ETH verzeichnete zudem die größte Liquidation seit Mai 2021. Diesmal erwies sich der Markt als widerstandsfähiger, denn bei einer Liquidation dieser Größenordnung verlor ETH zuletzt 45 % seines Marktwerts. Die aktuelle Liquidationsrunde gilt als bedeutend, doch der Preisverfall hat sich bisher begrenzt.
Ein Großteil der verfügbaren ETH-Liquidität wurde abgezogen, und die Kurse begannen sich von den jüngsten Tiefständen zu erholen. Laut AlphaCal- Datenist der Schuldenabbau bei BTC und ETH noch nicht abgeschlossen, und es könnten weitere Liquidationen folgen.
Auch die Liquidationen DeFi stiegen sprunghaft an, wenn auch in geringerem Umfang. Allein am vergangenen Tag wurden Kryptokredite im Wert von fast 22 Millionen US-Dollar liquidiert, wobei ETH und WETH als Sicherheiten dienten
Wale verkauften ETH während der Panik
Während der letzten Liquidationsaktion verzeichnete ETH relativ geringe Spot-Verkaufsvolumina, obwohl einige Großinvestoren entweder strategisch oder in Panik verkauften.
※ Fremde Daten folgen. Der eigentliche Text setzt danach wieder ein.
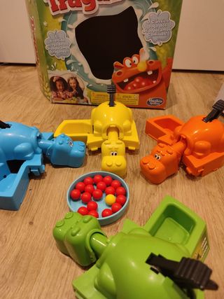 Juego de mesa Tragabolas de Hasbro, en muy buen estado. Es un juego divertido para niños. - Incluye 4 hipopótamos tragones y varias bolas de colores. - Ideal para jugar en familia o con amigos. - Perfecto para desarrollar la motricidad fina y la coordinación ojo-mano. Juego de toda la vida que encanta a los niños y son risas aseguradas! # juego, cocodrilo, hipopótamos, tragar bolas, diversión, niños, pequeños, familiar, juguete
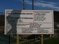 A ceremonial ground-breaking ceremony was held on August 5, 2009.[1] The convocation center was constructed across from Hamer Hall in the area which previously served as the Hamer Parking Lot. While the university is looking for a sponsor for naming rights, the building has been officially deemed the "California University Convocation Center." Dr. Angelo Armenti, President of Cal U, stated in the groundbreaking ceremony that the center "will be a landmark building for our campus,”and “Besides meeting the University’s needs, it will serve as a cultural resource and contribute to the economic vitality of Southwestern Pennsylvania.”
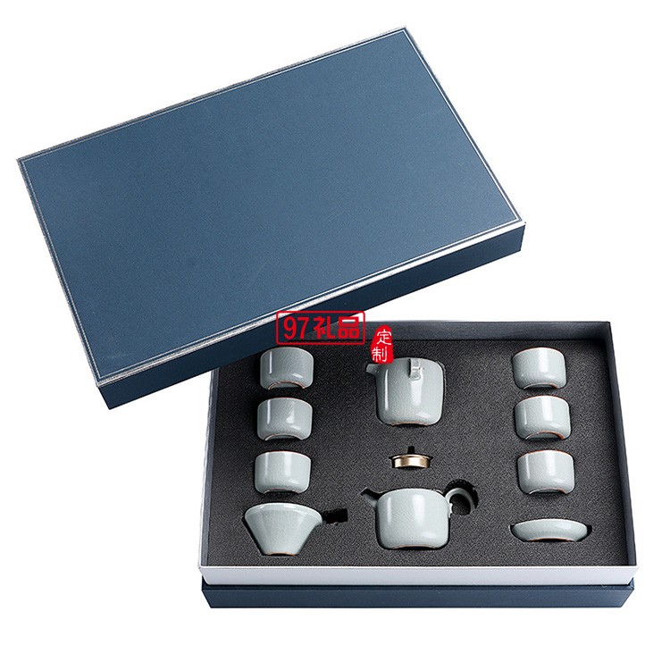 茶具套裝開片汝窯10頭茶壺功夫茶具禮品logo家用辦公路寶陶瓷茶具
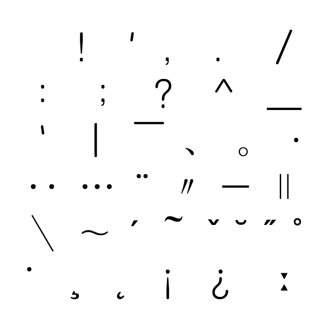 ! ' , . / : ; ? ^ _ ` |  ̄ 、 。 · ‥ … ¨ 〃 ― ∥ \ ∼ ´ ~ ˇ ˘ ˝ ˚ ˙ ¸ ˛ ¡ ¿ ː

Einem Großinvestor gelang es kurz vor dem Markteinbruch, ETH im Wert Binance. Dieser von über 72 Millionen US-Dollar zu platzieren und die Token an zu senden Großinvestor entpackt außerdem AETHWETH von Aave und wandelt es in reguläres ETH um, das sich leichter verkaufen lässt.
Ein weiterer Großinvestor verkaufte 1.000 ETH , genau zu dem Zeitpunkt, als die Verluste zunahmen. Zusätzliche On-Chain-Daten deuten auf mögliche ETH-Verkäufe aus Binance-Wallets hin, die als Strategie zur Schließung von Long-Positionen dienen könnten. Das offene Interesse an ETH liegt weiterhin über 27 Milliarden US-Dollar, und im Falle eines Kursrückgangs besteht die Möglichkeit weiterer Liquidationen.
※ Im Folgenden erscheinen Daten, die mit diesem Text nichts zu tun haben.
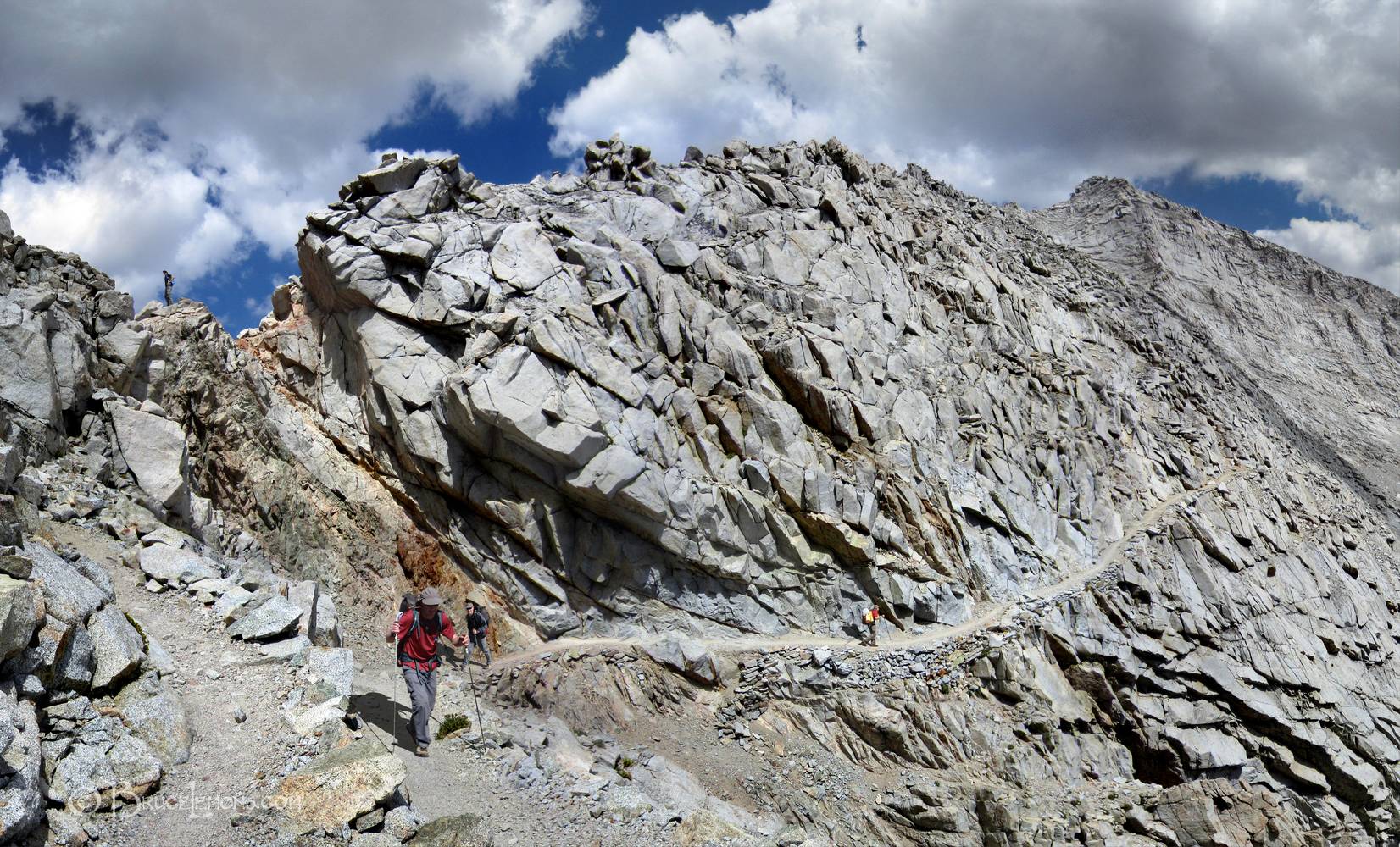 Panorama of hikers on the the S side cliff face catwalk trail coming down from Forester Pass. Looking E from the switchbacks as they begin winding down left of frame from the notch of the pass upper left, and cross the chute directly below the notch, (requiring a snow traverse most early seasons), to traverse the sheer cliff at center, before switchbacking down to the unamed lakes below. This section demonstrates some of the most amazing trail construction on the trail, with 10-15 foot dry stacked stone walls supporting the trail carved into almost vertical cliff. Rounded Caltech Peak at right, pointy Junction Peak at center, the wall of Diamond Mesa running right from it across center, with Tawny Point and Bighorn Plateau peeking from it's right end, and Tyndall Creek in front below draining to the Kern Canyon just n front of the Kern and Kaweah ranges on the horizon. California, Sierra Nevada Mountains, Sequoia National Park, Forester Pass. John Muir Trail Mile 190.

Der Hauptgrund für den Kursverfall von ETH waren Liquidationen auf Binance. Verkäufe von Großinvestoren aus mehreren Wallets lösten eine Kettenreaktion von Liquidationen, die alle hochgehebelten Long-Positionen betrafen.
Aufgrund der verfügbaren Liquidationspositionen kann ETH noch bis auf 4.100 US-Dollar fallen, um Long-Positionen anzugreifen. Eine Erholung ist ebenfalls möglich, da sich neue Short-Liquidität bei etwa 4.400 US-Dollar ansammelt.
Kann sich ETH wieder auf ein höheres Niveau erholen?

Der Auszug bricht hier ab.